I have spent the last 20 years without my dad on Father’s Day and I know firsthand that all of us who are fatherless dread this day. Some who are fatherless would give everything they have to be able to hug their dad one last time and tell him how much he means. Others are wanting to connect with an estranged man, hoping to begin a loving, trusting relationship. And, some will sit across from a man who shouldn’t feel like a stranger and wonder why he couldn’t love them enough. Either way, the pain for us is real, palpable and completely unforgettable on Father’s Day.
For me, I check the calendar every year on the first of June to see which Sunday this fateful day falls on and then I slowly count down the days until it actually arrives. I have coped with this day in all sorts of unhealthy ways over the years. I’ve ignored it, pretended that it was just another day, lashed out at those closest to me for no valid reason, had severe breakdowns, spent the entire day angry and sobbed my eyes out. Some years I did all those things in the course of 24 hours. And, I’ve finally come to terms with how detrimental this is and have bee working hard to implement new coping mechanisms.

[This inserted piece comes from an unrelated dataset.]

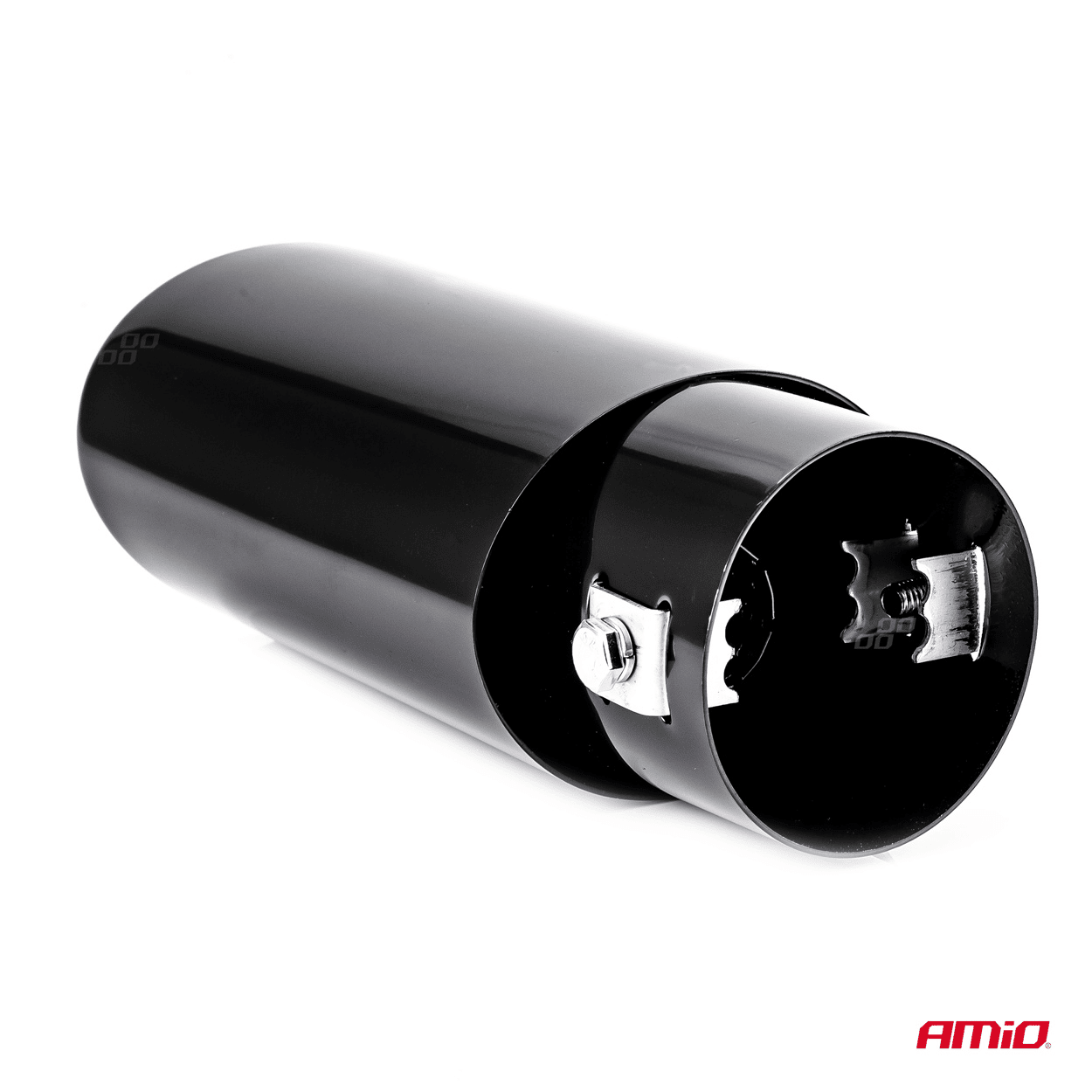 AMiO Universele Enkele Uitlaat Demper Recht Tip RVS Koppelstuk (86 x 65 mm) Zwart

So, in the spirit of regaining control of my life, here’s how I will be surviving Father’s Day this year:
I previously used retreating as an unhealthy coping mechanism. When life would become too difficult or overwhelming, I would completely disassociate from the rest of the world for days, weeks or months at a time. Often times, I wouldn’t even know why and instead, I would retreat out of habit. As I have gotten more honest with myself, I’ve realized that retreating is not always the best option; however, it can be beneficial in the right situation. For me, retreating on Father’s Day means that I get to feel and act however I want without having to explain myself to anyone. It means saving my mental sanity and making space to learn something new about myself or my loss.

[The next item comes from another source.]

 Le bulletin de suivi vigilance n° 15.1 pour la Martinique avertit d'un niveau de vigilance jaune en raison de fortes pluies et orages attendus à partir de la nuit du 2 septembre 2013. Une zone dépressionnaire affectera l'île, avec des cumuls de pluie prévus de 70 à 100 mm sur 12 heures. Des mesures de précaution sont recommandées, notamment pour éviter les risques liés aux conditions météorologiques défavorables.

Meditation is a newly developing part of my life and I find that it keeps me centered and grounded. I used to think that meditation meant sitting with my legs crossed in silence for two hours but I’ve realized that it’s about being alone with my thoughts in a way that is comfortable. I’ve also found that meditation often brings creativity which leads to some of my favorite writing. In addition to this blog, I frequently journal and have found so much beauty in my thoughts and words.
Listening to Old Songs
Music has a funny way of being able to take you back to any given moment in your life and dealing with loss is no different. On Father’s Day, I’ll be blasting some amazing music (MeatLoaf, CCR, Fleetwood Mac, The Eagles, etc.) and remembering singing those lyrics at the top of my lungs with my dad. Every time one of those songs comes on, I know he’s right there and I can’t help but smile.
Seriously. Food is comforting. And even though this isn’t the healthiest habit, I am giving myself a free pass to do it on Father’s Day. Why? Because much like retreating, sometimes you need to give yourself the freedom to cope in any (non-destructive) way possible.

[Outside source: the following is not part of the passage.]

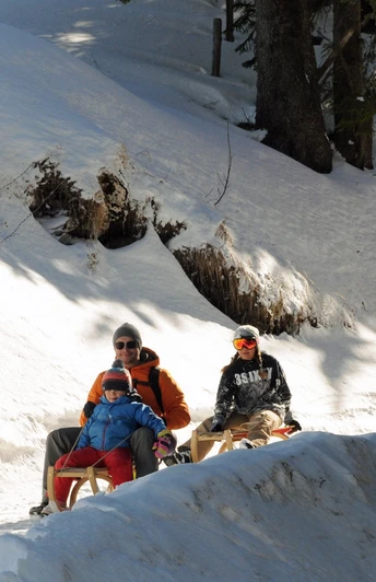 With views of the Glarus and Uri Alps, the sledging track towards the Rätigs middle station starts right at the mountain station of the Rotenfluebahn. The prepared route first follows the edge of the forest until it dives into the forest shortly before the Holzegg ski lodge. The steeper section at the beginning and the winding forest section afterwards provide wonderful variety. In total, the route overcomes about 500 meters in altitude. It thus offers fast sledging fun for the whole family.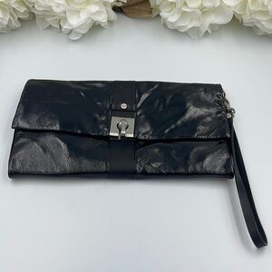 EUC Kenneth Cole wristlet genuine leather three compartments inside plus one pocket zipper. Has double loops for strap so u can wear it on your right or on your left wrist

Reaching Out to Other Fatherless Daughters
There’s an interesting phenomenon I’ve found among fatherless daughters – we all seem to flock together. It’s like a part of our souls just knows without ever having to say a word. I am grateful to have women in my life who are fatherless in all different capacities. They help me understand, cope and love. On Father’s Day, I will both send and receive messages of love and encouragement from these wonderful women.
This is the biggest and most important one. If I’ve learned anything during this process it’s that lessons come in the moments when you’re being still. It’s hard to learn when you’re so caught up in the situation and unable to process what is going on around you. So, I will take this day to pause, reflect and see what surprises my dad might have in store for me. The Universe can do really beautiful things in your life if you just stop to listen.